Sex-linked gene identification software tools | RNA sequencing data analysis
Sex-linked genes are genes located on sex chromosomes of an individual. Sex-linked genes defects have implications for human health as they can cause abnormal conditions such as hemophilia, color-blindness, etc. Sex-linked gene identification software tools use RNA-seq and transcriptomic data to identify sex-specific marker sequence in human or species for which there are no existing reference genome.
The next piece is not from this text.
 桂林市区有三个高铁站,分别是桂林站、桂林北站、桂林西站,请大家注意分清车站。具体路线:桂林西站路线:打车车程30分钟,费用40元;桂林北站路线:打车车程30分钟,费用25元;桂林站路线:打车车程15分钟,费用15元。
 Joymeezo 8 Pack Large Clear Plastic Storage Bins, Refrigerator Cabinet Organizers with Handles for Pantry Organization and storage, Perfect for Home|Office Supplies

A probabilistic method that relies on RNA-seq data from a cross (parents and progeny of each sex) to infer autosomal and sex-linked genes (genes located on the non recombining part of sex chromosomes). SEX-DETector will also work on genotyping data derived from genome sequencing. In some cases, it might be more efficient to use DNA-seq data instead of RNA-seq data to genotype individuals. It is available as a Galaxy workflow.
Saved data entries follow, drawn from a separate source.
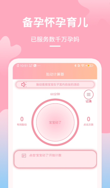 2、可以記錄寶寶的活動情況,輕松保存每一次胎動,一手掌握寶寶的健康狀況;
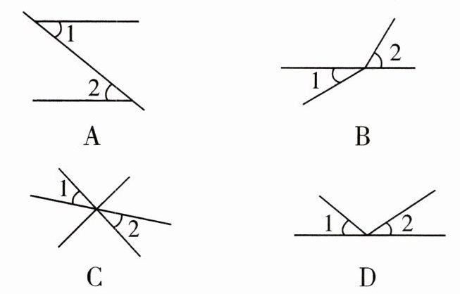 2. 下列选项中,$ \angle 1 $ 与 $ \angle 2 $ 是对顶角的是(
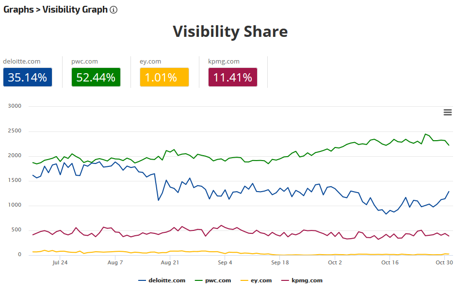 Visibility Score is calculated per keyword for keywords that are ranking in the top 30 search engine results for each search engine tracked in the campaign.
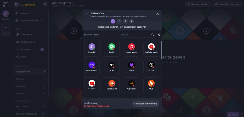Houd er echter rekening mee dat gratis gebruikers slechts één afspeellijst tegelijk kunnen overzetten en elke afspeellijst minder dan 200 nummers mag bevatten. Als je alleen een lichte afspeellijst hoeft over te zetten, dan kan Soundiiz een nuttige keuze zijn. Zo werkt het:
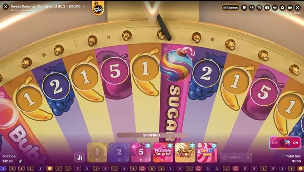 بازی سوئیت بونانزا کندیلند، در مقابل یک چرخ رنگارنگ انجام می شود.
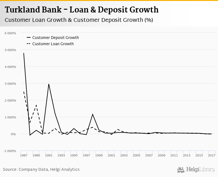 Turkland Bank's customer loan growth reached -19.4% in 2017, down from -8.43% compared to the previous year. Historically, the bank’s loans growth reached an all time high of 2,500% in 1987 and an all time low of -48.4% in 2001. In the last decade, the average annual loan growth amounted to 21.5%.
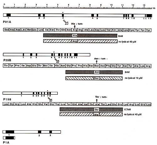Fig.2. Structure of genes P91 A, P35B, P198, and P 1 A
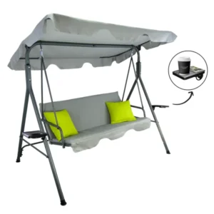 Kerti 3 személyes acél hintaágy 170×118×153 cm lime párnákkal, pohártartóval
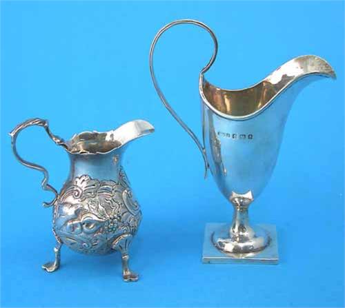 A George II silver cream jug, with scroll handle, decorated with engraved and repousse rococo scrolls, birds and fruit on scroll feet, London 1748 and a helmet shaped cream jug, Birmingham 1905 £120-150
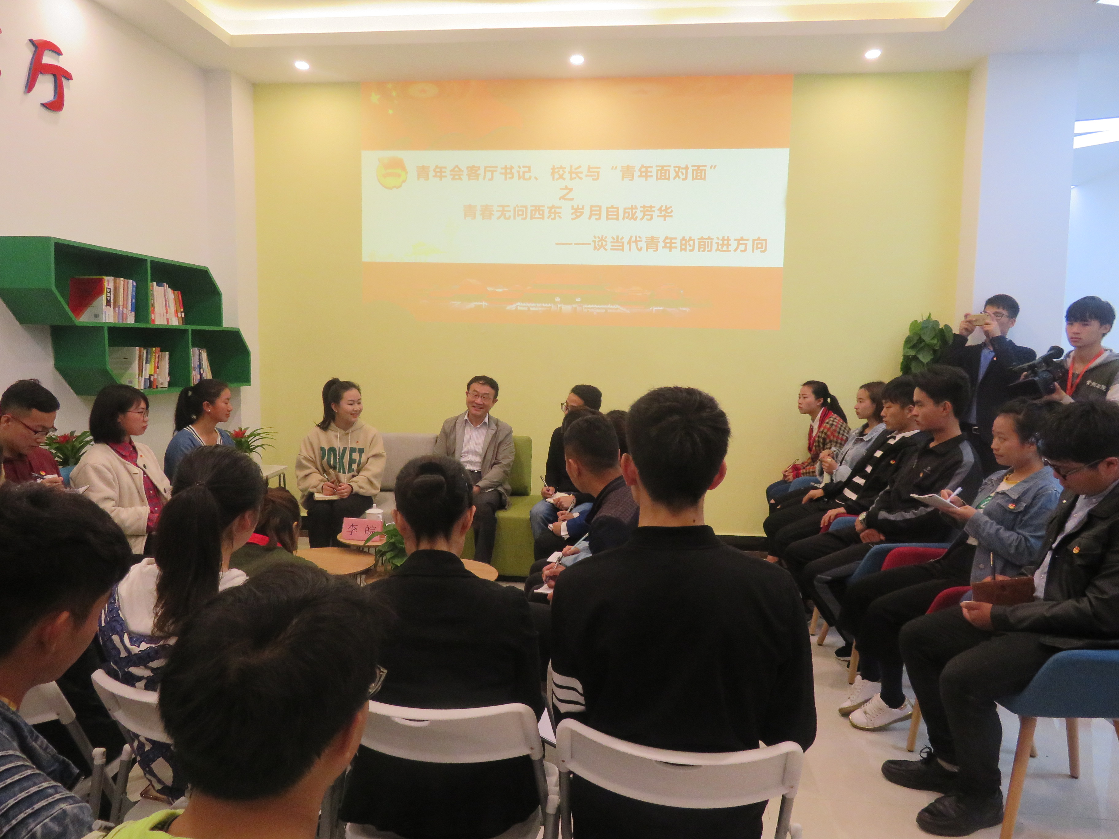 5月3日下午2点半,在我校学生活动中心的青年会客厅举办了书记校长与青年面对面活动之“青春无问西东、岁月自成芳华——谈当代青年的前进方向”,我校党委副书记、校长李皖老师主讲,学校党办、组织部、宣传部、团委等部门负责同志及学校团干代表、各学生组织干部代表参加了活动。

Identify sex-specific marker sequences. SEXCMD allows users to (i) design sex-specific marker sequences, (ii) train using a known dataset, and (iii) make an optimal sex marker sequence selection. The pipeline can be run to genome and transcriptome sequencing without aligning next generation sequencing (NGS) reads onto a reference genome but by using tens of sex-specific marker sequences from syntenic regions of the sex chromosomes.
A repository to house the code relevant to the project "Systematic Rational Identification of Sex-Linked Molecular Alterations and Therapies in Cancer." The repository contains R scripts used to process and analyze data and results. In our work, we identify cancer-specific and pan-cancer genomic differences between male and female patients. Then, we use Ingenuity Pathway Analysis (IPA) to discover pathways variably enriched in male and female tumors, lending insight into the biological processes that differ between both sexes. Finally, we use our genomic findings to identify drugs that work well in males, females, or both sexes.
Presents a simple and freely accessible software tool for identification of sex chromosome linked genes in species without an existing reference genome. This pipeline uses custom scripts together with external assembly, mapping and variant calling software. Given the resource-intensive nature of the computation, servers with high capacity are a requirement. Therefore, in order to keep this pipeline easily accessible and reproducible, linkyx was implemented in Galaxy – an open, web-based platform for data-intensive biomedical research.